O desenho, em especial a ilustração, sempre esteve presente nas publicações de moda. Desde o século XIX, na Revista das Moças, passando por “As garotas do Alceu”, referência às pin-ups desenhadas por Alceu Penna, publicadas na revista O Cruzeiro no século passado, revistas dedicadas ao consumidor final ou voltadas para os profissionais e estudantes de moda utilizaram e ainda utilizam ilustrações. O pernambucano nascido em Recife, Daniel Maia, é um dos principais nomes da ilustração de moda no Brasil contemporâneo. Confiram a entrevista exclusiva abaixo, assim como as com as ilustrações que ele nos cedeu.

Jornal Toda Moda Inverno 1987 Credits: cortesia Daniel Maia

FashionUnited: onde você estudou e como o desenho entrou na sua vida?

Estudei numa Instituição Jesuita, o Colégio Nóbrega, e cursei a Antiga Escola de Belas Artes do Recife. Nas minhas mais antigas lembranças de infância, estão sempre papéis, lápis, canetas, guache, aquarela e cinema, muito cinema!!! Voltava pra casa, com minha mãe ou minhas tias, e imediatamente mergulhava na minha mesa de desenho, desenhando as personagens que vi na tela… Aquilo alí era a minha Disney! Daí, com um pouco mais de idade o interesse por moda foi aparecendo e à certa altura as personagens dos filmes foram sendo substituidas pelas imagens das revistas de moda que rolavam em minha casa.

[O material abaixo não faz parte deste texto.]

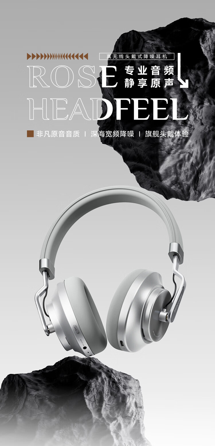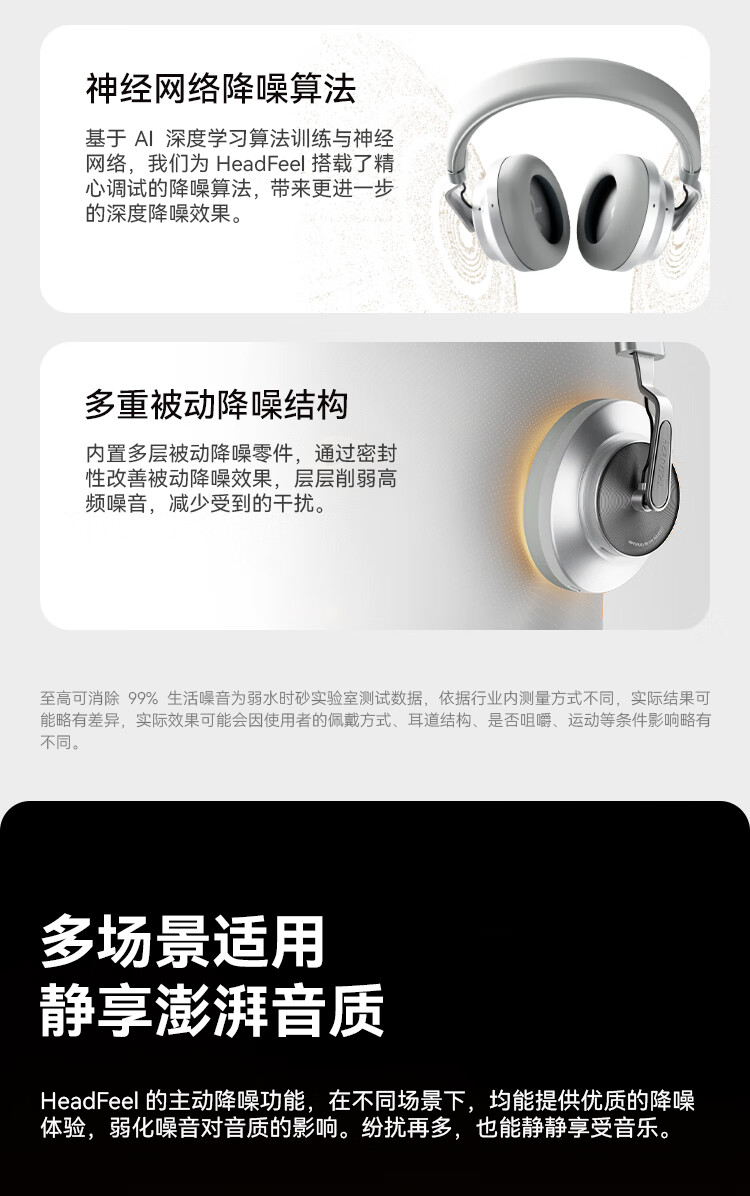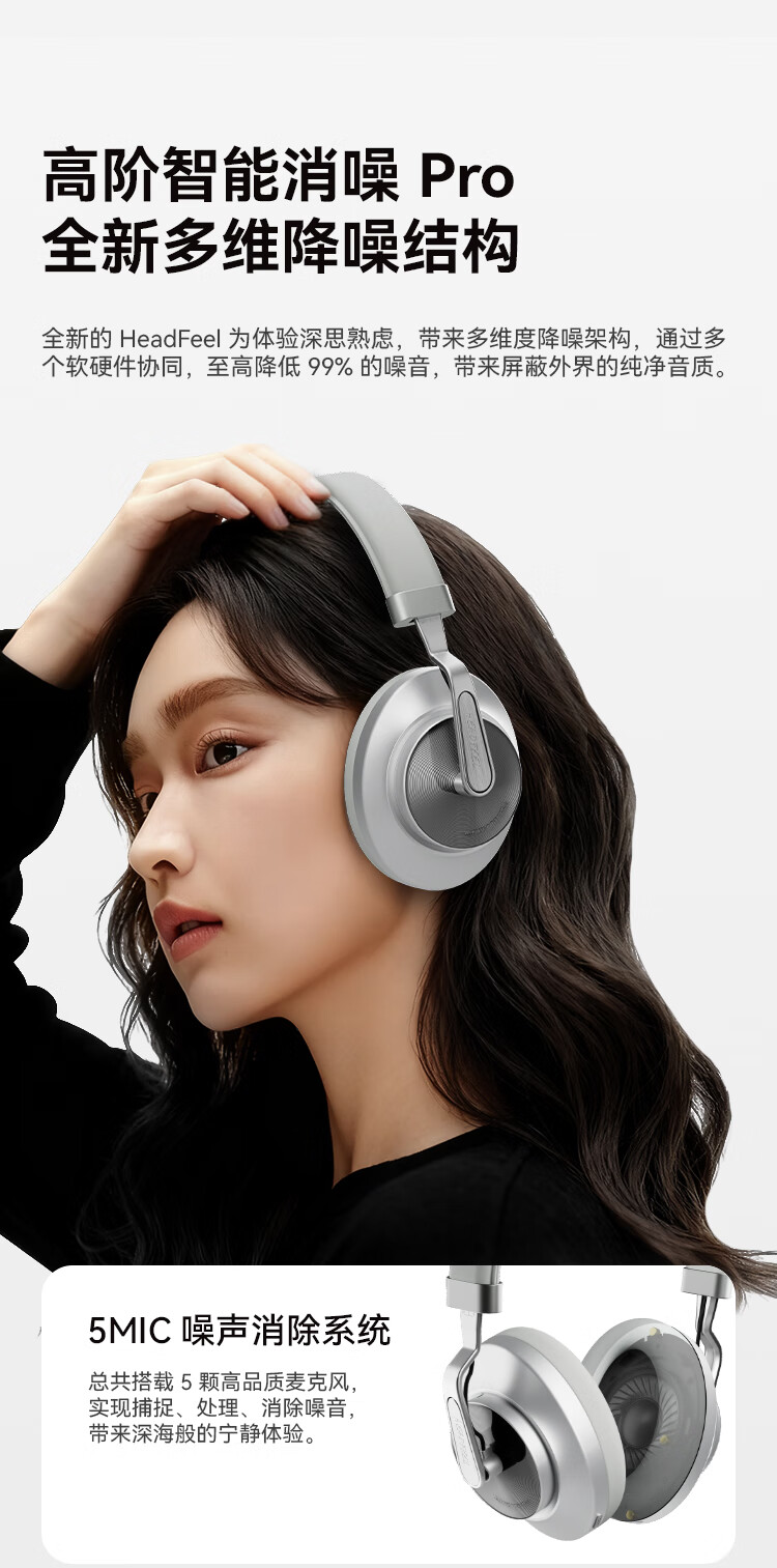 弱水时砂【重磅新品】HeadFeel头戴式耳机蓝牙无线降噪耳机手机电脑游戏低延迟超长续航送男女友学生 【流银】旗舰音质|宽频深海降噪|100h续航 LHDC5.0/LDAC高音质协议

Aos 12 anos fiquei em primeiro lugar num concurso promovido numa TV local, pelos Diários Associados e ganhei uma bolsa de estudos para a EAB - Escolinha de Arte do Brasil, criada por Augusto Rodrigues (artista plástico pioneiro nas escolas de arte para crianças no Brasil). Um novo mundo no terreno do desenho e da pintura se abriu diante de mim, bem diferente daquele que se resumia aos personagens do cinema, das revistas de moda e dos livros. Era um mundo novo e incrivelmente delicioso para mim!!! Depois de 4 anos saí de lá para a Antiga Escola de Belas Artes de Recife, onde fiquei até a minha mudança para o Rio em 1970.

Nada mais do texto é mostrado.